At some point though, reintegrating all these discreet managed services into a giant architecture of reconnected services is really just reimplementing old-school web, application + database servers plus some commoditized autoscaling and load balancing that AWS has broken apart into silo’ed services.

“There are only two ways to make money in business: one is to bundle; the other is unbundle.” Jim Barksdale, former CEO and President of Netscape.

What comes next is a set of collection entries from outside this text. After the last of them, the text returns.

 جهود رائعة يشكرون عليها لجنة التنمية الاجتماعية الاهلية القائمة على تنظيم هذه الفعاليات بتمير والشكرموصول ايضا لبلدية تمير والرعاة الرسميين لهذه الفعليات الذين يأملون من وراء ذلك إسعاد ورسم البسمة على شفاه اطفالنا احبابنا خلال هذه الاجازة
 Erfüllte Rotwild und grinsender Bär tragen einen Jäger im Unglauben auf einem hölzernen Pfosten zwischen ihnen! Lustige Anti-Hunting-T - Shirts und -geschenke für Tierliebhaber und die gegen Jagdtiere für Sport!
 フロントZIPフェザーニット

As your application’s architecture grows and use of these managed services increases, two architectural dimensions are growing at accelerating rates in opposite directions:

Perceived Complexity and Cost vs Risk

Let’s examine Perceived Complexity and Cost first: ‘I don’t have to design and implement [foo] (or fooX or fooY or…). I don’t need to care how it works and I’ll only pay for the time or units I actually use. This is great!’. Your perception is that you’re reducing both complexity and cost, so that plot line is going down over time.

This is the siren song of pay-as-you-go models that employ managed black box services.

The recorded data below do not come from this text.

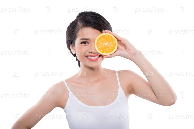 Прекрасная азиатская девушка с апельсином
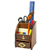 イカリとダイヤモンド型の真鍮飾りが美しい、英国海軍風の木製デスク小物入れです。 シックなハードウッド製。引き出しも付いています。
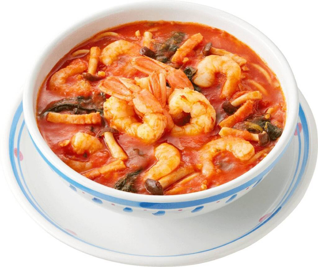 2類のエビとガーリックをつかったトマトスープのパスタです。ぷりぷりの赤エビやむきエビ、しめじ、ベーコン、ほうれん草などの旨みがトマトの程よい酸味やガーリックの風味と絶妙にマッチ。ガツンと香るガーリックが食欲をそそります。トマト×ガーリックのやみつきになる味わいを堪能してください。
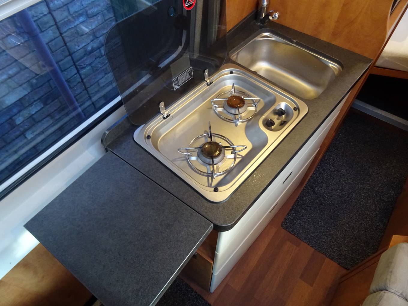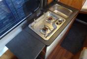 Mid ship we have the kitchen area with a 2 ring gas hob, sink
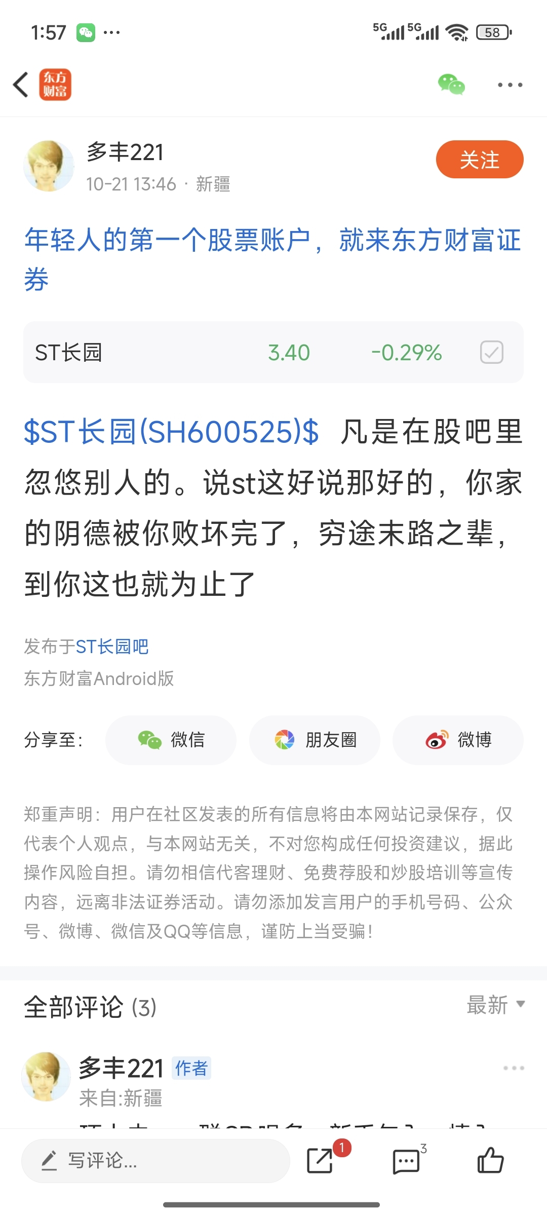 温馨提示: 1.根据《证券法》规定,禁止编造、传播虚假信息或者误导性信息,扰乱证券市场;2.用户在本社区发表的所有资料、言论等仅代表个人观点,与本网站立场无关,不对您构成任何投资建议。用户应基于自己的独立判断,自行决定证券投资并承担相应风险。《东方财富社区管理规定》
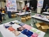 <baby・80cm・90cm・100cm・110cm・120cm以上・雑貨小物>1,000着以上の古着を、見やすいようにきれいに並べて準備☆机に並びきらない古着は下のダンボールにもたくさん!
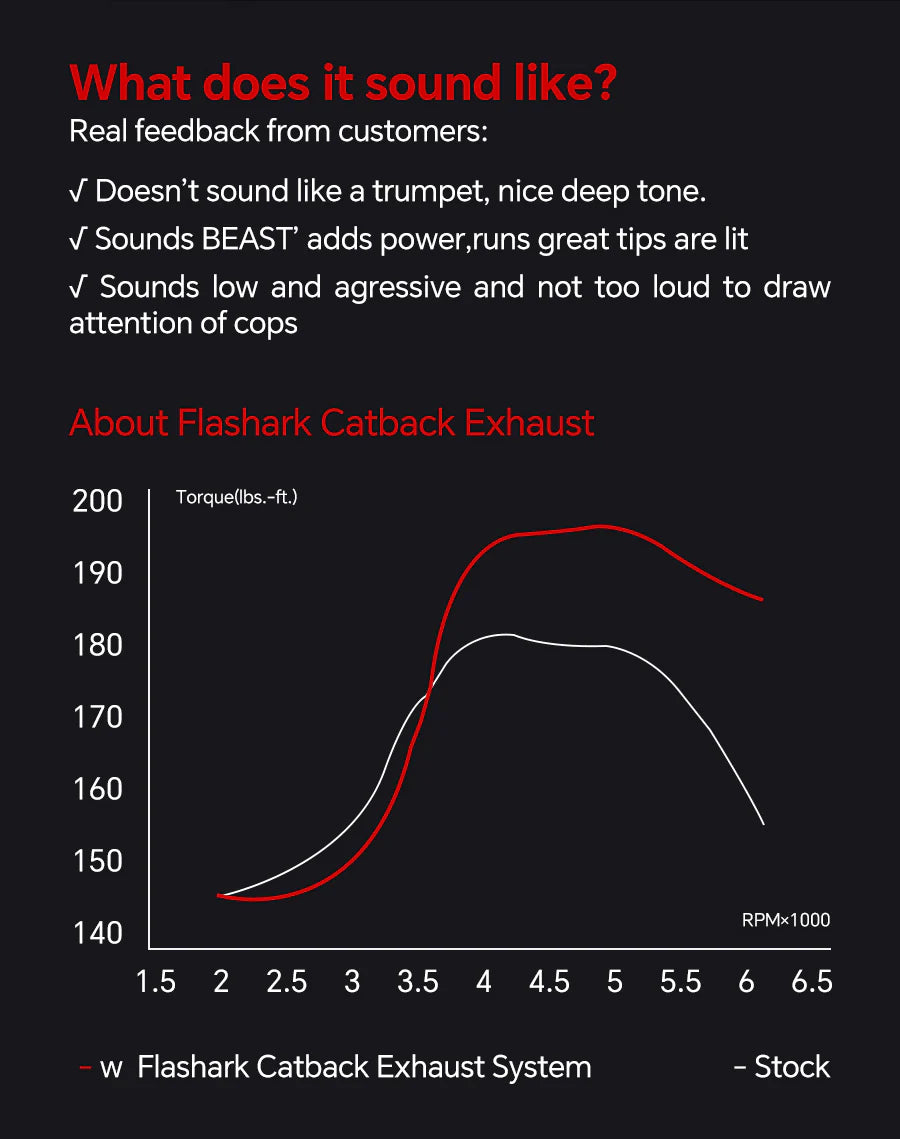 Upgrading to a 2004-2008 Ford F150 catback exhaust offers several performance and aesthetic benefits. This system not only increases horsepower, torque, and fuel efficiency but also enhances your Ford F150 sound with a louder, more aggressive exhaust tone. It gives your vehicle a sporty, tuner-inspired aesthetic, making it stand out on the road. Increase in horsepower, torque, and MPG: The straight-through design of the catback exhaust improves engine efficiency, resulting in noticeable gains in power and fuel economy. Quality materials: Made from durable stainless steel, this catback system is built to last, offering both performance and long-term reliability. FLASHARK catback exhaust systems are made of  Stainless Steel with a fully polished surface, CNC machined flanges and mandrel bends. Its aggressive styling, and deep, strong tone are just part of the MR exhaust system characteristics. It also serves to improve horsepower, torque and overall performance with its straight-through design. Finished with a tip that is designed to increase the scavenging effect and achieve maximum performance, while adding a perfect match on exterior styling as well. It's really easy and convenient to use: direct bolt-on, no modification needed.
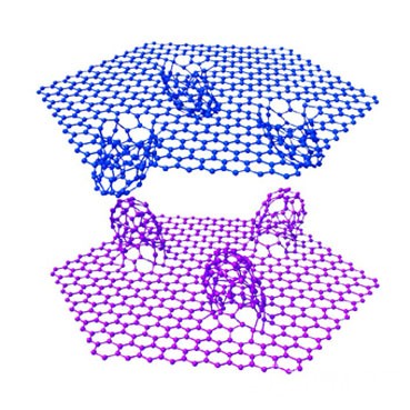 圖為柱撐石墨烯結(jié)構(gòu)示意圖,該圖表示:當(dāng)兩層石墨烯接近時(shí),石墨烯片上的突出結(jié)構(gòu)起到柱撐功能,從而防止此類石墨烯自發(fā)堆疊。

Now let’s take a look at Risk as use of all those managed services increases. You reach a point where virtually all (see what I did there) of the infrastructure your application utilizes is managed services. Each one a discreet function that’s been separated out from a web or application server long ago, all providing black-boxed service abstractions connected using some sort of glue or event triggers.

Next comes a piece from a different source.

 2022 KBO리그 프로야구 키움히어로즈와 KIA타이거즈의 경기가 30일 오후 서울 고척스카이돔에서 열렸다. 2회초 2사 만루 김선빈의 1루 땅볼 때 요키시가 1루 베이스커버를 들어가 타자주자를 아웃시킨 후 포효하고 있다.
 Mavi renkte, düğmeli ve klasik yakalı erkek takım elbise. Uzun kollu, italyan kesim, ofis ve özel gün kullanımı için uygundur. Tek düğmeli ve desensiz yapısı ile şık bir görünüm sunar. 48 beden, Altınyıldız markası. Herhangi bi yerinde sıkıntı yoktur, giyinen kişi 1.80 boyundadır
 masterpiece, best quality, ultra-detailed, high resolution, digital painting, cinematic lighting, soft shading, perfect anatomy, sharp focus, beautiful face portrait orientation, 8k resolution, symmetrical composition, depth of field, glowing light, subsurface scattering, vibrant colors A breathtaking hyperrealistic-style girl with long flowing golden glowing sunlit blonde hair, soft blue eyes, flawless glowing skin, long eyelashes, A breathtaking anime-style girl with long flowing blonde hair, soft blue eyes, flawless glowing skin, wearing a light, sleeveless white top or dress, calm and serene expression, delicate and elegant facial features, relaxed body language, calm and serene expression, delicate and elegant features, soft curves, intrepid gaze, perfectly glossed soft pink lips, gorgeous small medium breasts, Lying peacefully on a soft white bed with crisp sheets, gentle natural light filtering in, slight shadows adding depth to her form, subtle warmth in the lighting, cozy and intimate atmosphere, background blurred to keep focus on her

All of that increases complexity and masks underlying risk that exists in the black boxes. Any one of these services can fail and take down your entire application all while not being able to see into that black box to undersand what’s happening. This is where the risk plot line starts to go vertical. You’ve rebundled a bunch of previously bundled services using proprietary glue you can’t control, inside a giant data center that’s heavily used & targeted by bad actors globally. I’ll explore the bad actor threat in a moment.

That heavy use means that systems designed to have a resiliency of [x] might hit a [y] or [y(2)] or whatever metric is used and simply fall over. If this sounds like buffer oveflow or packet loss or NIC saturation… you’re right. And if a third party dependency fails due to an otherwise isolated service failure in a single region (the happiest path), your stuff is still going to fail even if you aren’t deployed in that region. Because they are.

Unbundling has secondary and tertiary impact that isn’t well understood until it slaps you in the face like a Monty Python seabass on the pier.

Here’s the quote that you should share with your C-levels:

Abstraction doesn’t remove complexity. You just get lulled into a false sense of security and ignore it until a single incident causes a cascading systemic failure.

I have a lot of AWS friends and tried to keep my commentary impersonal. I saw reports stating that ‘…an unusual amount of incoming traffic overwhelmed some networking devices [..] causing packet loss’ which led to the outage. This suggests an incoming event that sure sounds like a DDoS attack.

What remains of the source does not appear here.